+++ Information provided +++
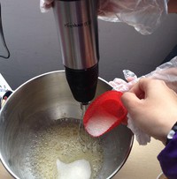 将牛奶(36g)、油(32g)、细砂糖(24g)、盐(1g)、香草精(1g)一起加入蛋黄中,用刮刀搅拌均匀(时间大概在5秒左右即可)如图。
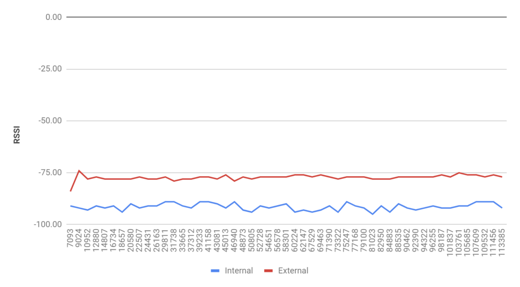 The red – external – line clearly shows an improvement over the internal antenna.
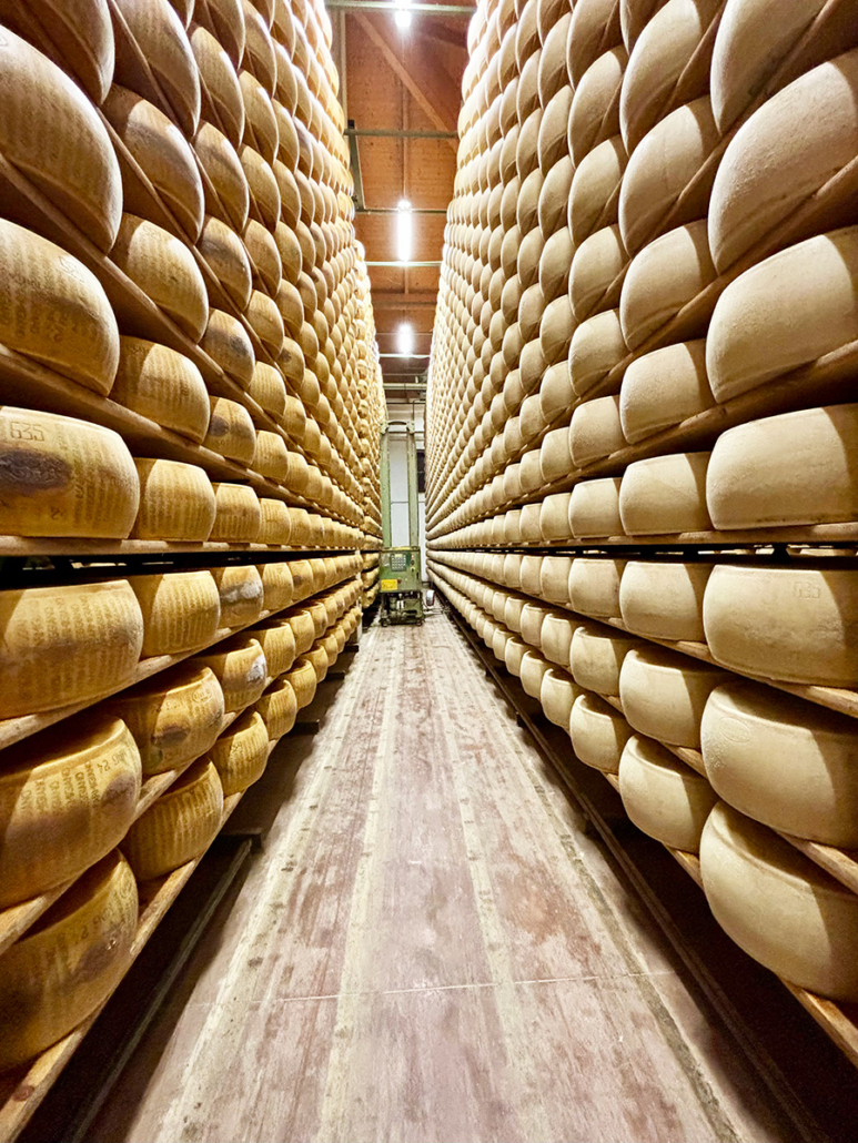 Villa Aiolan kypsytysvarastossa on noin 13 000 parmesaanikiekkoa. Kun yhden kypsän kiekon hinta on vähintään 600 euroa, tämä pientuottajan varasto on arvoltaan ainakin kahdeksan miljoonaa euroa.
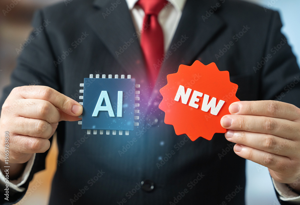 A businessman presents a new AI tool showing improved technology. Artificial intelligence innovation boosts efficiency. Business automation, solutions, and digital transformation enhance productivity #1965733830
+++
Exercise — Copy the data exactly. Pictures do not belong in the copy.

Task answer —
 将牛奶(36g)、油(32g)、细砂糖(24g)、盐(1g)、香草精(1g)一起加入蛋黄中,用刮刀搅拌均匀(时间大概在5秒左右即可)如图。
 The red – external – line clearly shows an improvement over the internal antenna.
 Villa Aiolan kypsytysvarastossa on noin 13 000 parmesaanikiekkoa. Kun yhden kypsän kiekon hinta on vähintään 600 euroa, tämä pientuottajan varasto on arvoltaan ainakin kahdeksan miljoonaa euroa.
 A businessman presents a new AI tool showing improved technology. Artificial intelligence innovation boosts efficiency. Business automation, solutions, and digital transformation enhance productivity #1965733830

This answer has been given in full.